R&D Director, UBIC Technologies

NLP experts see the potential of the new approach in working with texts and voice, but they treat it with caution.

In many areas, in particular in text, image and video processing, this approach is potentially applicable. It is too early to talk about a specific application, because it is always possible to make a model faster, cheaper, easier, but you need to check how good and stable the quality is.

Tatiana Shavrina

Head of R&D in NLP, Sberbank

The problem raised by this technology is very urgent, since it is usually difficult to find good data for non-classical tasks, this is a very labour-intensive process. For our company this problem is also relevant.

But it is important to understand that this is not a silver bullet, and no matter how cool the name “Less-than-one”-shot learning sounds, it does not mean that data is no longer needed. Moreover, we still cannot abandon the principle “the more data, the better”. We believe there is an opportunity to try a similar approach for some of our tasks, but we would not expect incredible results.

Adam Turaev

Strategy Director, Cleverbots

However, for developers in the field of document recognition LO-shot learning may simply be not interesting, notes Dmitry Nikolaev, CTO of Smart Engines.

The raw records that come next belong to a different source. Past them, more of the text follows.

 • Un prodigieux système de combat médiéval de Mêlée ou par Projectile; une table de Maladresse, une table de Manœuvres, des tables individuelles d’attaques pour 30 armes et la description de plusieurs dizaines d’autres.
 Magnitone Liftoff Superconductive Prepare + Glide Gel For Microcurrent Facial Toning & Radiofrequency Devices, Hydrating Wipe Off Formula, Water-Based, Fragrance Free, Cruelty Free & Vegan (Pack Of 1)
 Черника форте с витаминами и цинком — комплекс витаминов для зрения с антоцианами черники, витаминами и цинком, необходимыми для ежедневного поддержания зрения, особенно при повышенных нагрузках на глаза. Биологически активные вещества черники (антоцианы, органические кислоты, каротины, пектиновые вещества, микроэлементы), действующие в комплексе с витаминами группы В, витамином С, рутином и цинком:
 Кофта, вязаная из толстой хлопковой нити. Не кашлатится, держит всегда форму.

In document recognition the task is not to significantly reduce the volume of datasets. We do not have many classes to reduce. Even the recognition of Chinese characters does not require this. And vice versa - we solve the problem of insufficient real data (when we want to increase the number of examples for each class, because the classes are very variable) by generating synthetic (artificial) examples.

Dmitry Nikolaev

CTO, Smart Engines

Nevertheless, there is an area where the accuracy of algorithms is such a critical factor that relying on artificially generated data and adopting an approach with “floating” characteristics can be dangerous. This area is medicine.

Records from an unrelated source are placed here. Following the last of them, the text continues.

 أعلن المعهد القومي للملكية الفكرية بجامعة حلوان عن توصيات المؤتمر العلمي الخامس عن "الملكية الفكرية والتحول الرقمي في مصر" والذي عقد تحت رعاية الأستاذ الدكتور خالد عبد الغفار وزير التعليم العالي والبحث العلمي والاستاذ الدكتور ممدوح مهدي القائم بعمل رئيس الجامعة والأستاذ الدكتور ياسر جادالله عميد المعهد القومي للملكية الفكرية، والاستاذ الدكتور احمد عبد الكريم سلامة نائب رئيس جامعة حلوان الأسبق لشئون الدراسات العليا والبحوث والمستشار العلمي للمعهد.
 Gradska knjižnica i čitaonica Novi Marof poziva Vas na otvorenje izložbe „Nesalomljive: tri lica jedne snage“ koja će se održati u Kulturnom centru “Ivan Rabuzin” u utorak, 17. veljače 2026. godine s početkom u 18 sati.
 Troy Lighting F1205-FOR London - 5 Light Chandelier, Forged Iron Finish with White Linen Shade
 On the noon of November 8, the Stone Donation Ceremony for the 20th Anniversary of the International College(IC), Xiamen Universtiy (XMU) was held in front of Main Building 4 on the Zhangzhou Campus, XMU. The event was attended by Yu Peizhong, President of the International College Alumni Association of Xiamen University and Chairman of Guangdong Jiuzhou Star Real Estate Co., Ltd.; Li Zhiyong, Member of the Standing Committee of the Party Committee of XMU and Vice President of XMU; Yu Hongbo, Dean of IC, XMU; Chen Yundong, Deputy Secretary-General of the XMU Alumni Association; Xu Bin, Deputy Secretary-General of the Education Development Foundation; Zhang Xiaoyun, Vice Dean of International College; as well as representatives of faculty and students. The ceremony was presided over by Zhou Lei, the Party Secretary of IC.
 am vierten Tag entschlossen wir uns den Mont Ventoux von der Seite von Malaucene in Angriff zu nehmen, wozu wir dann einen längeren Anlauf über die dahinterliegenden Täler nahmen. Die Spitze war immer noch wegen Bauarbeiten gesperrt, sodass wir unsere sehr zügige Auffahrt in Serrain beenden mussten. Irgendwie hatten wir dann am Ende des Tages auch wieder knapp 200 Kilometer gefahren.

The current version of this method can be used for some clustering tasks. Unfortunately, it cannot be applied to our problems and tasks.

Alexander Gromov

Head of the Computer Vision Department, “Third Opinion”

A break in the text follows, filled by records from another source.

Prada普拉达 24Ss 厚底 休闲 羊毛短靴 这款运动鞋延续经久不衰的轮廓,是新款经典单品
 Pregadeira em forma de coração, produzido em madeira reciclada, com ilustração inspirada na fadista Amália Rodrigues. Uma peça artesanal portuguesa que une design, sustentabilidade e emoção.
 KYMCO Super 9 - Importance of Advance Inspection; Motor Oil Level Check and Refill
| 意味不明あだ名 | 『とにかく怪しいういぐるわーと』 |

I did not see any clear evidence of high efficiency in this method and made the following conclusions for myself. For medicine, this approach is rather inapplicable. Maybe it can help in some tasks in computer vision, but I doubt it. This is due to insufficient elaboration, lack of successful public experience in the community, and the skepticism about the architecture of the solution. Also in medicine there are very high quality requirements and many “corner cases” (cases outside the standard models). This approach is unlikely to cover all these aspects.

Konstantin Schetkin

Deep learning engineer, Care Mentor AI

The authors did not provide any examples of real areas for specific use in AI tasks. In medicine there are strict requirements both for the machine learning algorithms and for the datasets that are used for training. For example, to pass clinical trials, datasets must contain data from at least 20-50 medical organizations, and each organization should provide data on about 500-1000 patients. Therefore, it is impossible to talk about artificial data creation, including synthetic generation.

Igor Korsakov

Machine learning expert, Webiomed

However, Webiomed CEO Alexander Gusev still provides one example where the new approach can theoretically be applied to medical problems.

In medicine there are specific tasks where it is impossible to obtain datasets with a large number of records. For example, rare (orphan) diseases. Taking into account their prevalence proportion, it is almost impossible to get datasets with thousands of records simply because there are not so many patients. Therefore, the presented approach can be very promising in healthcare just for such rare diseases.